[Work to be completed]:
Write out exactly the lines below that run from the one containing "Monte parque Toledo" through the one containing "18 сентября в", both included, with no other lines.

[Data listing]:
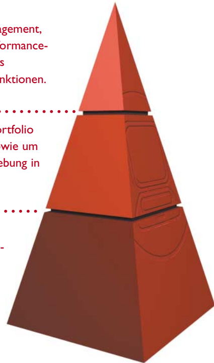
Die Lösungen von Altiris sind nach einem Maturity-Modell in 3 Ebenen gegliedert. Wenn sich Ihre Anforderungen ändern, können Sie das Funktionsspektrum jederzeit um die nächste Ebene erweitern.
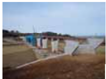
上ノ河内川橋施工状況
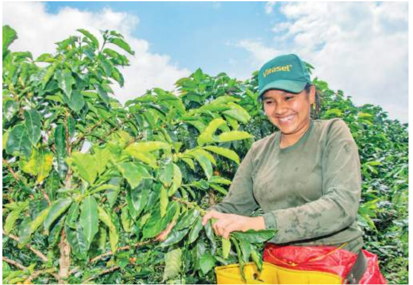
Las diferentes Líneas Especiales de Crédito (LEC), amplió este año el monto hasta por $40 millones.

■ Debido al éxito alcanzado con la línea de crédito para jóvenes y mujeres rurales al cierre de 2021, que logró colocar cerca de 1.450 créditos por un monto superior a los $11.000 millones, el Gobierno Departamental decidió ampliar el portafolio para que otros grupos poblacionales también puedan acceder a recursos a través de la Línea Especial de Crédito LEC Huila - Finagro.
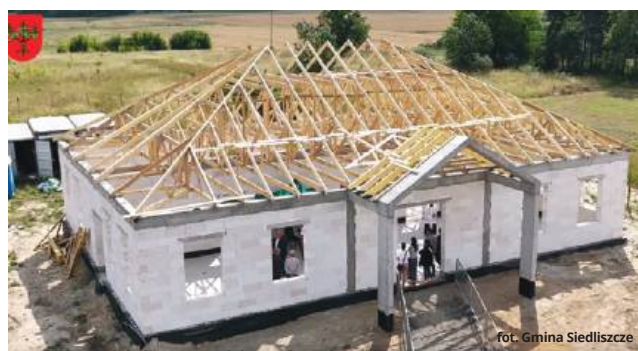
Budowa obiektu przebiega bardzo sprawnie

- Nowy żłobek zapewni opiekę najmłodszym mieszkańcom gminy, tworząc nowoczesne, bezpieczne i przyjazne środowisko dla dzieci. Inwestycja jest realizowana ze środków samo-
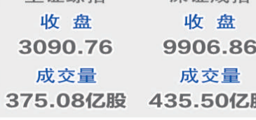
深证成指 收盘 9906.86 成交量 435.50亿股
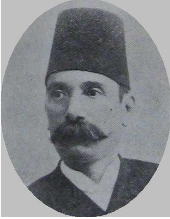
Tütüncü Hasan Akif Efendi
==
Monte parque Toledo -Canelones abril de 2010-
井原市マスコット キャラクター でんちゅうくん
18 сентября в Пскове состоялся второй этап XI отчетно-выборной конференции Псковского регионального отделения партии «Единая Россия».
--
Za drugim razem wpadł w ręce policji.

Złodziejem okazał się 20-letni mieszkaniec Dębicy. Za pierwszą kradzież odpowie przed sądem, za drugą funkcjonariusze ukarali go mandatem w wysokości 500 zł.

[Answer]:
Monte parque Toledo -Canelones abril de 2010-
井原市マスコット キャラクター でんちゅうくん
18 сентября в Пскове состоялся второй этап XI отчетно-выборной конференции Псковского регионального отделения партии «Единая Россия».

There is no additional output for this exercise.